Tuesday 31 January 2012

Broken Music by Sting



I don't read a lot of nonfiction. No particular reason, I just don't. But I was in a hurry to read this book, not so much because Sting was a serious crush of mine when I was 16 and Roxanne was on my turntable for hours at a time, but because it was a Christmas present from my brother. Well, in theory it was from my Secret Santa, but my brother is about as much use at keeping a secret as The Sun. And I know next time I see him he will ask if I've read it yet and he will keep on asking, and asking, and asking...because that's what he's like.

So I have discharged my duty and promoted it to the top of my TBR pile.


If you come into this expecting to find a lot about The Police, you will be disappointed. The band that made his name is relegated to 100 pages (if that) at the end of the book. The majority of it covers his teenage years as a milkman's son in Wallsend, his teacher training and short teaching career and his strained relationship with his parents, particularly his mother Audrey.

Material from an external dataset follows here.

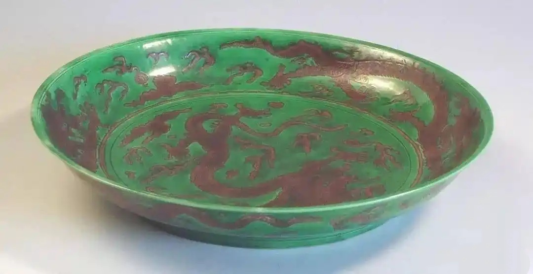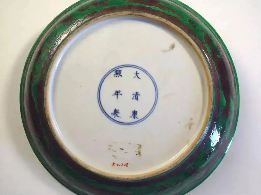 清康熙款绿釉紫龙盘

But running through it is the story of his musical career, from playing the piano at his grandmother's to saving up for his first guitar, his conversion to bass guitar and gigging with various jazz and swing ensembles before he moved to London to be with his first wife Frances Tomelty.

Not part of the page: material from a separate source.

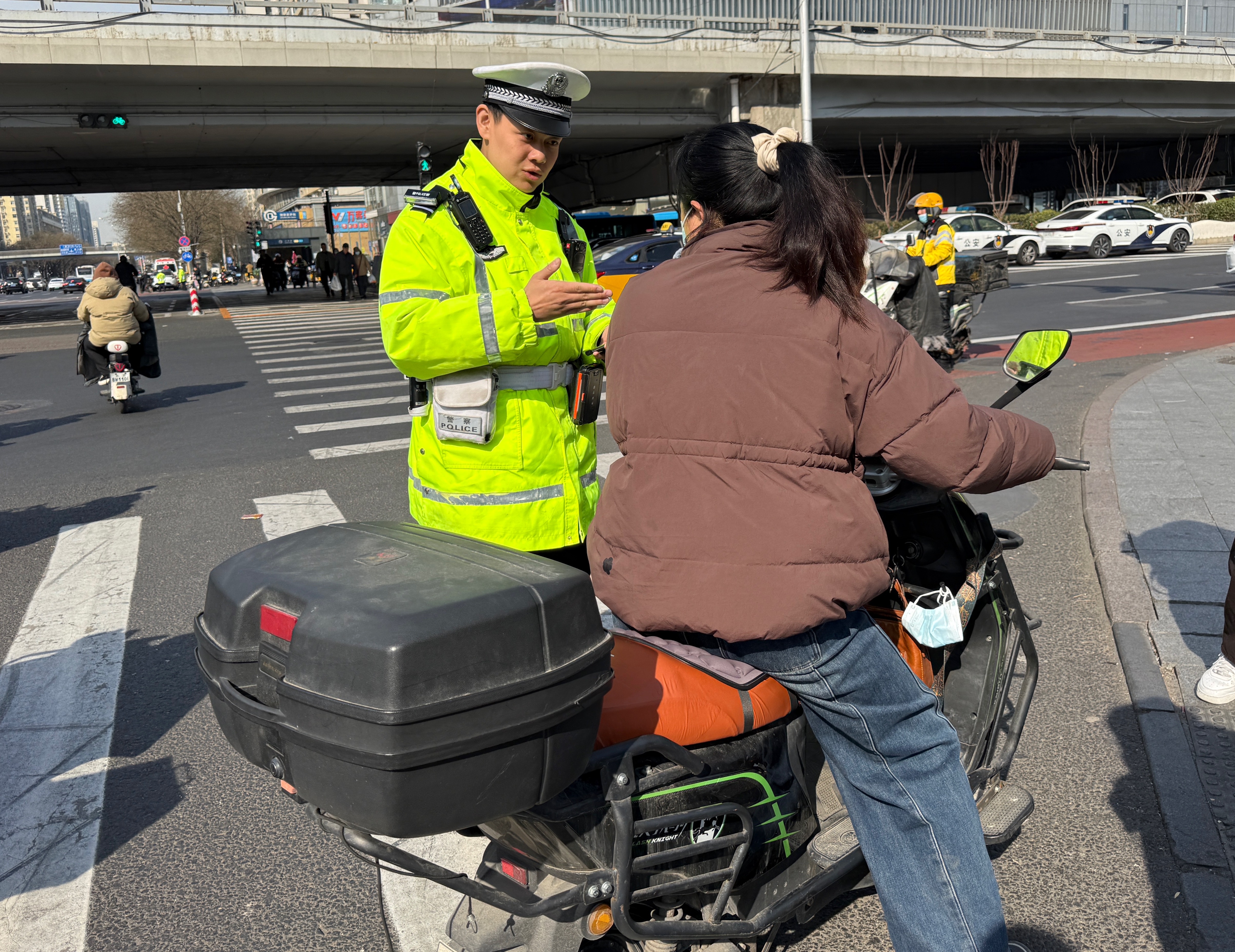 3月19日上午,交管部门在双井桥路口开展安全宣传,提醒市民骑乘电动自行车应规范佩戴安全头盔。新京报记者 王贵彬 摄

I'd have liked more about his transfer of allegiance from jazz to punk (a bit of a leap, on the face of it) which arose through his meeting with Stewart Copeland, the drummer with The Police. I was amused that the first Police sets contained 10 songs but still only lasted 10 minutes, so determined was Copeland to drum as fast and as furiously as he possibly could, leaving Sting and the then-guitarist, Henry, to try to keep up as best they might.

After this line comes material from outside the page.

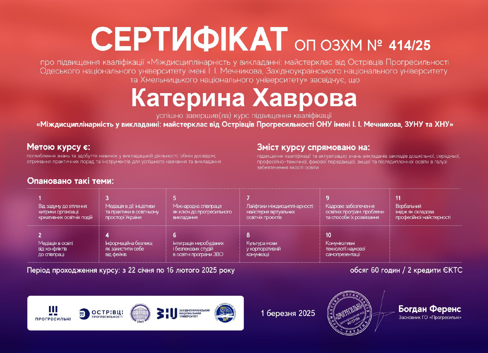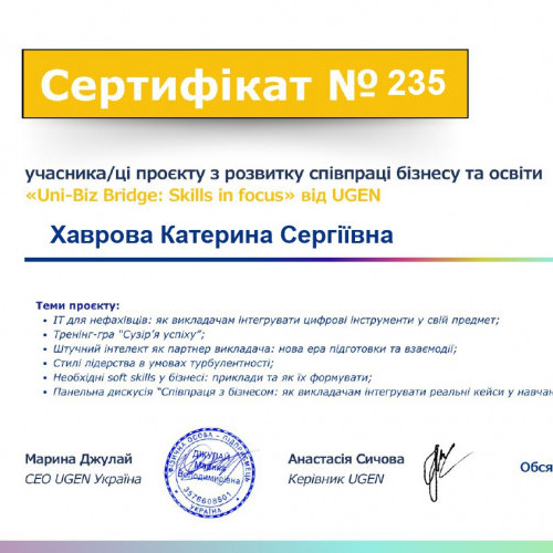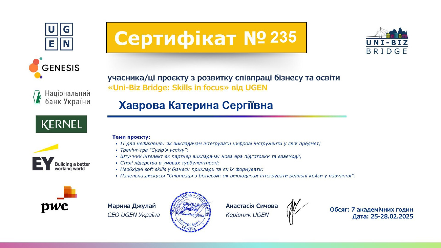 Мартиненко Марина Олександрівна доктор філософії (PhD), доцент кафедри економіки і підприємництва
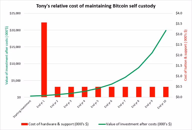 This means that Tony spent $3,358 in getting his self-custody set up in year 1 and will invest a further $500 per year on remote support from technical experts to ensure his setup and skills always remain up to date.

In this book Sting shows himself to be a natural wordsmith (which once again begs the question "why?" about that crime against music, "De Doo Doo Doo De Dah Dah Dah") and I was drawn into his book almost despite myself. He portrays his passion, sadness and love with the same delicate brush strokes with which his lyrics observe the world.

Not one that I will read again, nor even keep on my bookshelf, but worthy of its 4/5 nonetheless.